Items from a dataset:

★ ★ ★ ★ ★ ★ ★

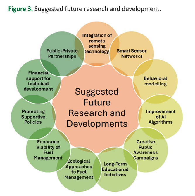 By addressing these research areas, future studies can significantly enhance wildfire prevention techniques, ensuring resilience and practical solutions to meet escalating wildfire risks. Supported by strong policies and collaborative efforts among stakeholders, these advancements will create a sustainable and effective framework for wildfire management.
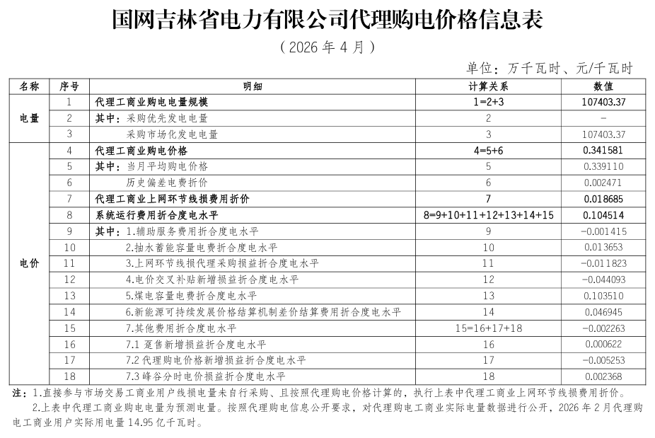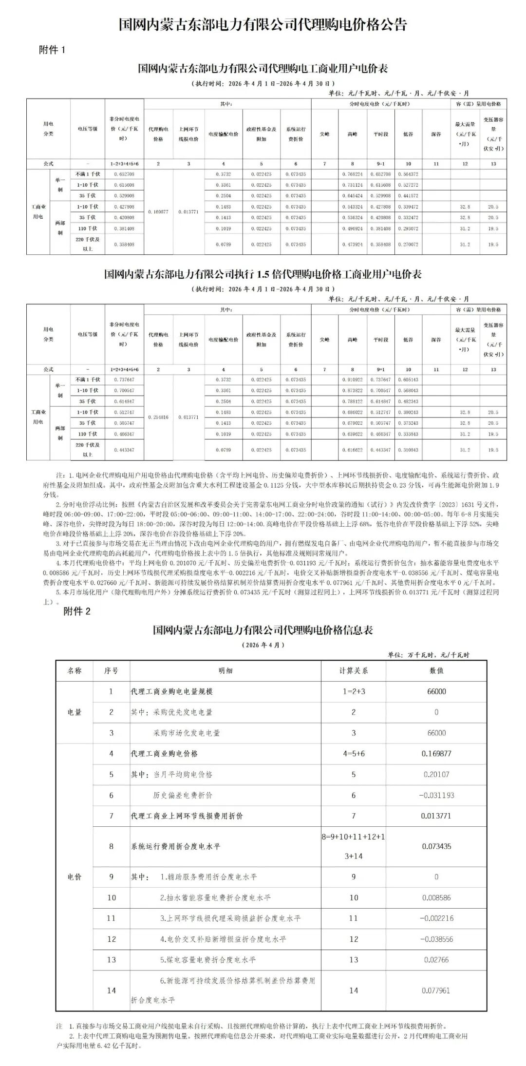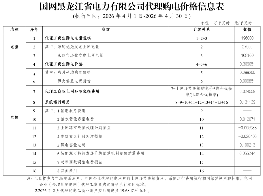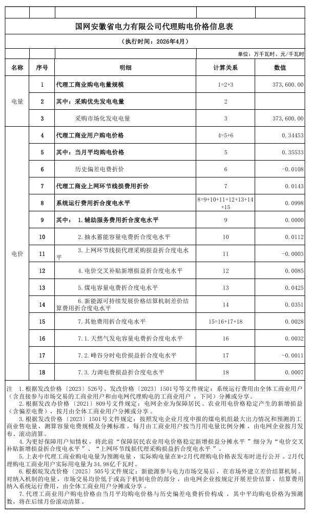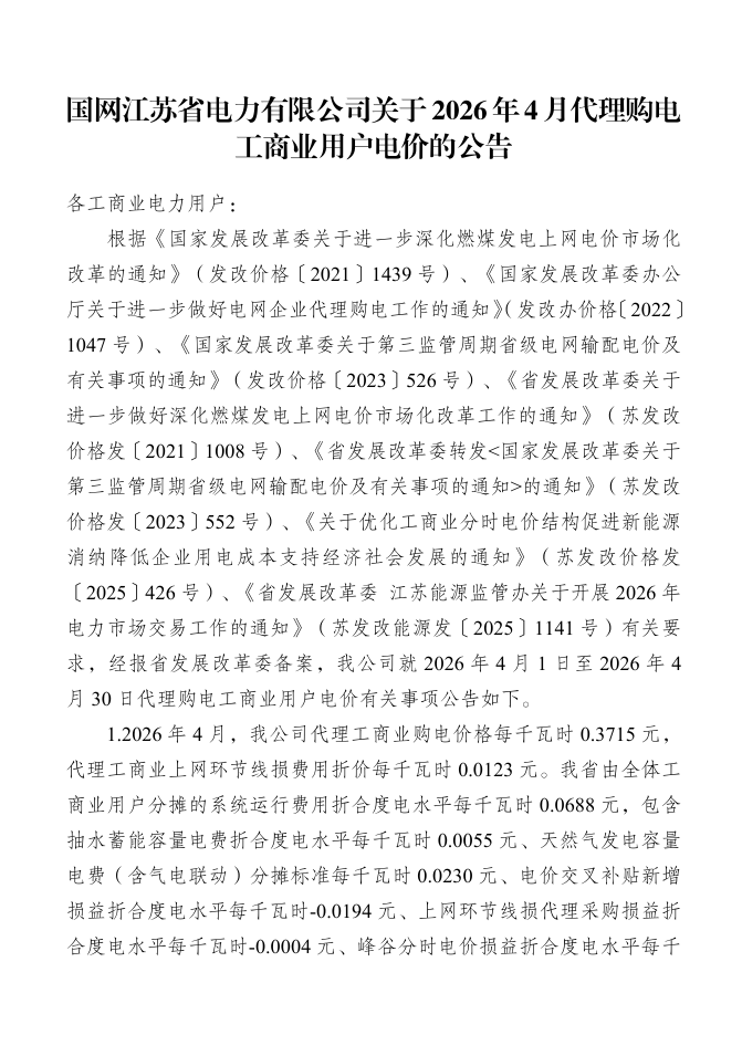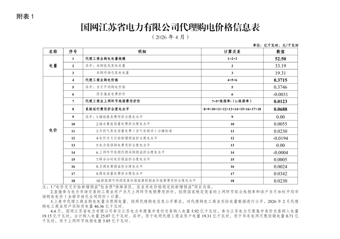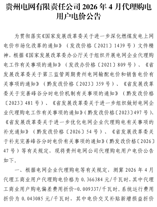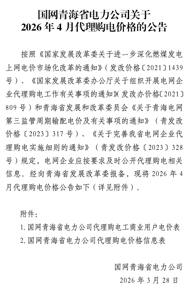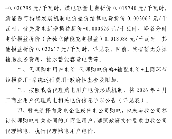 以下为2026年4月各地电网企业代理购电价格表,顺序依次为:江苏、安徽、广东、山东、山西、北京、河北、冀北、浙江、上海、重庆、四川、黑龙江、辽宁、吉林、内蒙古东部、内蒙古电力集团、江西、湖北、湖南、青海、宁夏、陕西、天津、甘肃、新疆、广西、海南、云南、贵州、深圳、福建。(河南暂未公布)
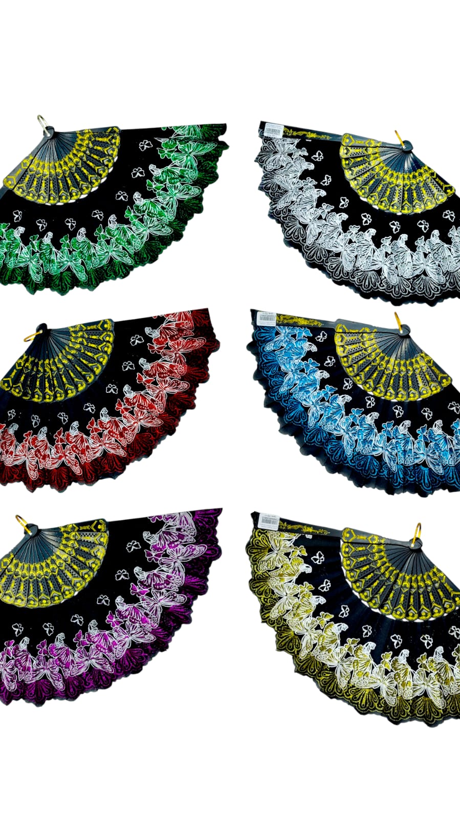 Веер черный с узорами 22см арт.250510-7 ассорти
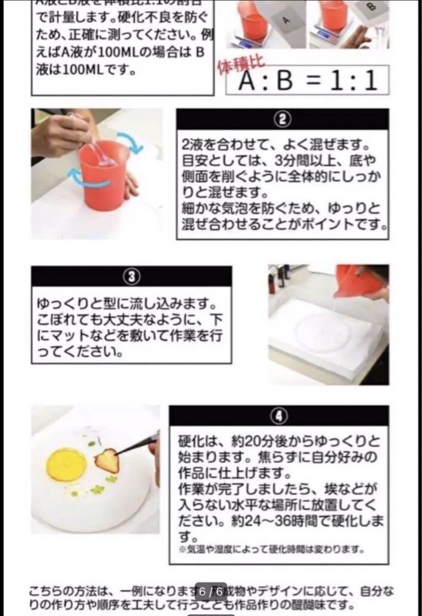 ②工具不要・気泡抜けやすい 1:1の混合容量比は操作が簡単です。同量の樹脂と硬化剤は同時に容器に添加し、気泡のない状態まで攪拌し、金型に注ぐ。エポキシ樹脂は自然硬化タイプで、紫外線当たる必要はありません。あなたはDIYの喜びを感じすることができます。
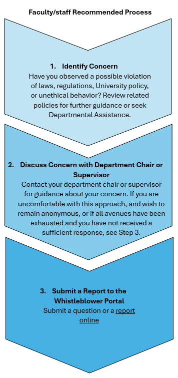 We recommend you visit our FAQ page before submitting a report to ensure this is the proper reporting avenue. Recommended reporting processes for faculty or staff is to the right, processes for students or the public are found below.
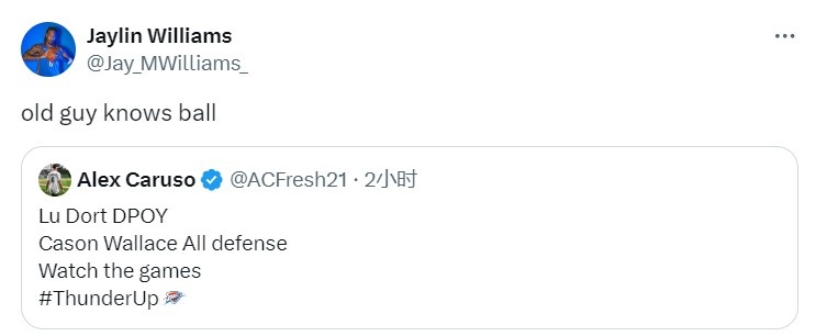 杰林-威廉姆斯對此也十分認(rèn)同,他轉(zhuǎn)發(fā)了卡魯索的這條動(dòng)態(tài),并在旁邊寫道:“老將懂球?!?/p>
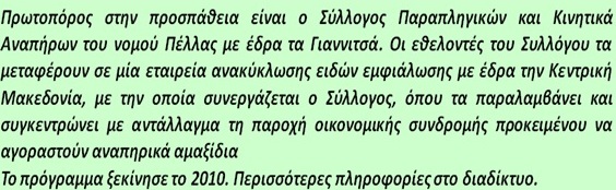 - ΣΥΛΛΟΓΟΣ ΠΑΡΑΠΛΗΓΙΚΩΝ ΚΑΙ ΚΙΝΗΤΙΚΑ ΑΝΑΠΗΡΩΝ Ν. ΠΕΛΛΑΣ στα Γιαννιτσά (Κολοκοτρώνη 10, 58100 τηλ. 23820 81308).

★ ★ ★ ★ ★ ★ ★

Images are to be omitted; repeat the remaining data above exactly.

 By addressing these research areas, future studies can significantly enhance wildfire prevention techniques, ensuring resilience and practical solutions to meet escalating wildfire risks. Supported by strong policies and collaborative efforts among stakeholders, these advancements will create a sustainable and effective framework for wildfire management.
 以下为2026年4月各地电网企业代理购电价格表,顺序依次为:江苏、安徽、广东、山东、山西、北京、河北、冀北、浙江、上海、重庆、四川、黑龙江、辽宁、吉林、内蒙古东部、内蒙古电力集团、江西、湖北、湖南、青海、宁夏、陕西、天津、甘肃、新疆、广西、海南、云南、贵州、深圳、福建。(河南暂未公布)
 Веер черный с узорами 22см арт.250510-7 ассорти
 ②工具不要・気泡抜けやすい 1:1の混合容量比は操作が簡単です。同量の樹脂と硬化剤は同時に容器に添加し、気泡のない状態まで攪拌し、金型に注ぐ。エポキシ樹脂は自然硬化タイプで、紫外線当たる必要はありません。あなたはDIYの喜びを感じすることができます。
 We recommend you visit our FAQ page before submitting a report to ensure this is the proper reporting avenue. Recommended reporting processes for faculty or staff is to the right, processes for students or the public are found below.
 杰林-威廉姆斯對此也十分認(rèn)同,他轉(zhuǎn)發(fā)了卡魯索的這條動(dòng)態(tài),并在旁邊寫道:“老將懂球?!?/p>
 - ΣΥΛΛΟΓΟΣ ΠΑΡΑΠΛΗΓΙΚΩΝ ΚΑΙ ΚΙΝΗΤΙΚΑ ΑΝΑΠΗΡΩΝ Ν. ΠΕΛΛΑΣ στα Γιαννιτσά (Κολοκοτρώνη 10, 58100 τηλ. 23820 81308).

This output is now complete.